In a statement, the company announced that it would begin rolling out the returns service to all its stores following a trial across 100 stores. “The nationwide rollout of the Amazon Returns program is our single biggest initiative of the year,” said CEO Michelle Gass.

“Our top strategic priority is driving traffic, and this transformational program does just that. It drives customers into our stores, and we are expecting millions to benefit from this service.”

“The dream,” Cowen retail analyst Oliver Chen told the New York Times, “is that it’s a fair but attractive split where that shopper will come in and purchase other items.” He added that the marriage offered the department store a new source of traffic while giving Amazon a broad and convenient network of return stations.

Speaking to the New York Times, Gass added that Kohl’s Amazon bet was based on data from the trial that showed the strategy’s ability to bring in “a new consumer, and we’re bringing in a younger consumer.”

Despite the fact that Amazon’s home market of the US is its most developed, an owned physical presence on the scale of Kohl’s – for relatively complex processes such as returns – would have proved expensive.

In other markets, a physical presence has proved fundamental to the growth of e-commerce. In Brazil, for instance, the nationwide store Magazine Luiza has created an online business to rival Amazon’s in the country, by leveraging an extensive physical network.

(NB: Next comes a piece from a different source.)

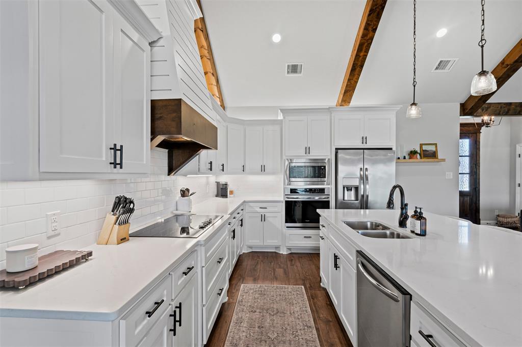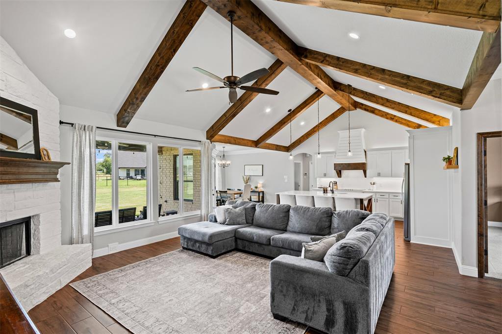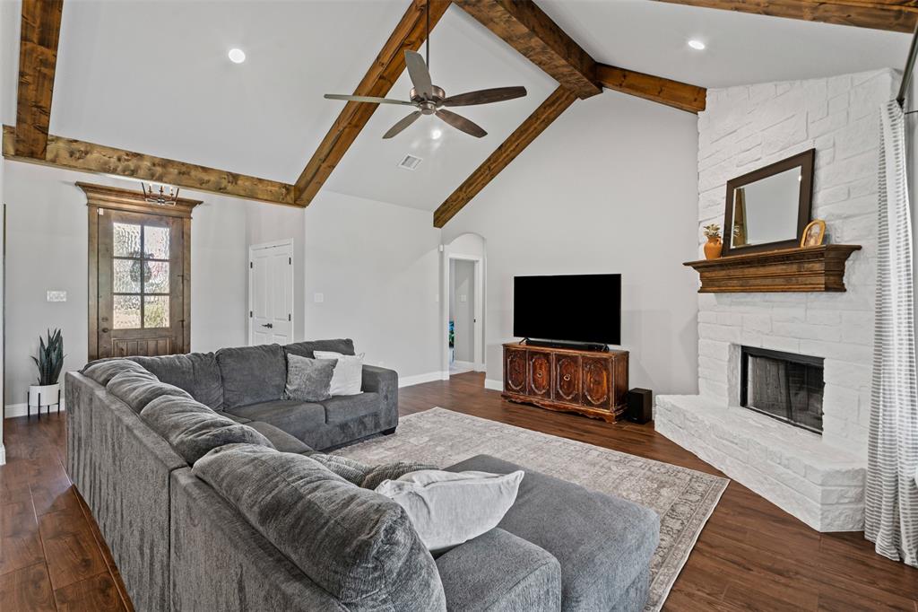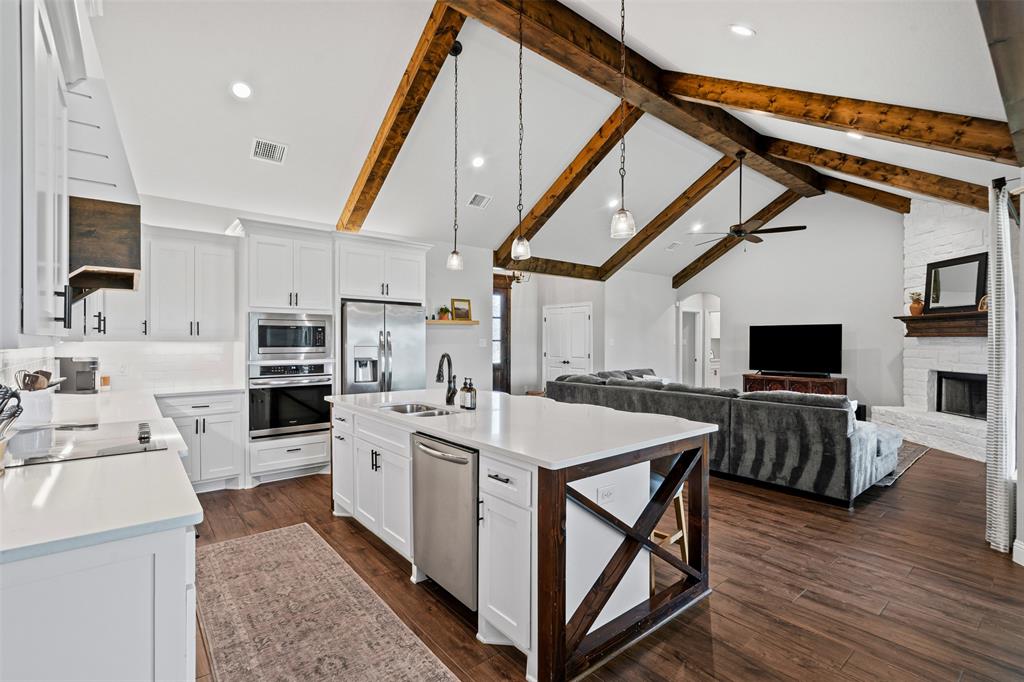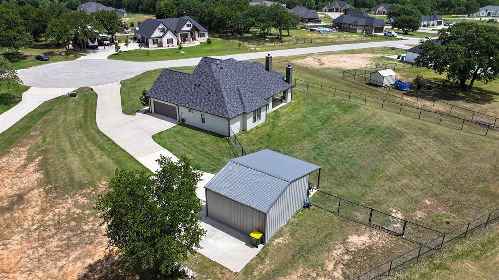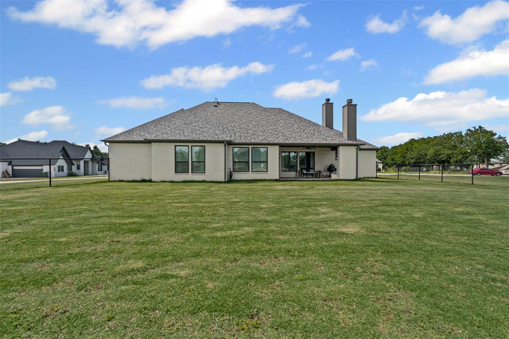 LBK Home in sought after Creek Forest Estates just outside of city limits and just 30 minutes from downtown Fort Worth! Desirable LBK HOME with open concept with beautiful ornate beams in the kitchen and living room with a ranch style design. Trim work in this home is beautiful and floor to ceiling windows in living area that give the most grand feel as you enter. Also comes with 4 bedrooms, oversized 2 car garage, 2 bathrooms. Primary suite incudes a large walk in closet, separate shower and dual vanities and beautiful free standing large tub! Enjoy the large completely fenced backyard including 15X30 workshop and fireplace on the porch to warm those nights!. Very energy efficient home that has been given so much love!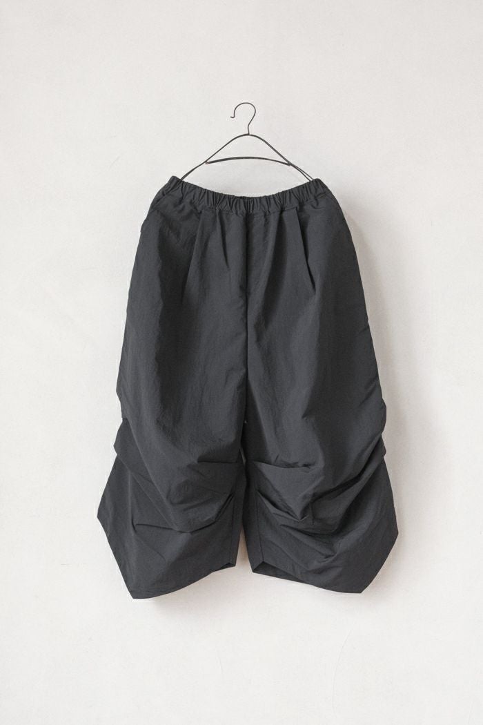 フロントの下部にランダムなタックを入れた7分丈パンツ。

The news follows other traditionally out-of-town, big-box retailers looking for new ways to survive. Some, in the case of the clothing retailer Nordstrum, and furniture giant IKEA, are moving to smaller stores in city centres. Again, this strategy situates the online retail experience at the core of both companies’ overall plans, as they offer a new avenue for pick-up and returns.

Meanwhile, both Amazon and Kohl’s returns model indicates a new way of understanding online retail. As the British retailer John Lewis has observed, returns used to be regarded as a sign of failure to convert, but especially in the apparel category they are merely a by-product of a new way for consumers to try multiple sizes.

At the same time, Kohl’s has been working to make its physical spaces more attractive to consumers looking to fulfil several errands in one trip by leasing space to Planet Fitness and the grocery chain Aldi. The Amazon deal can be read as a continuation of this idea.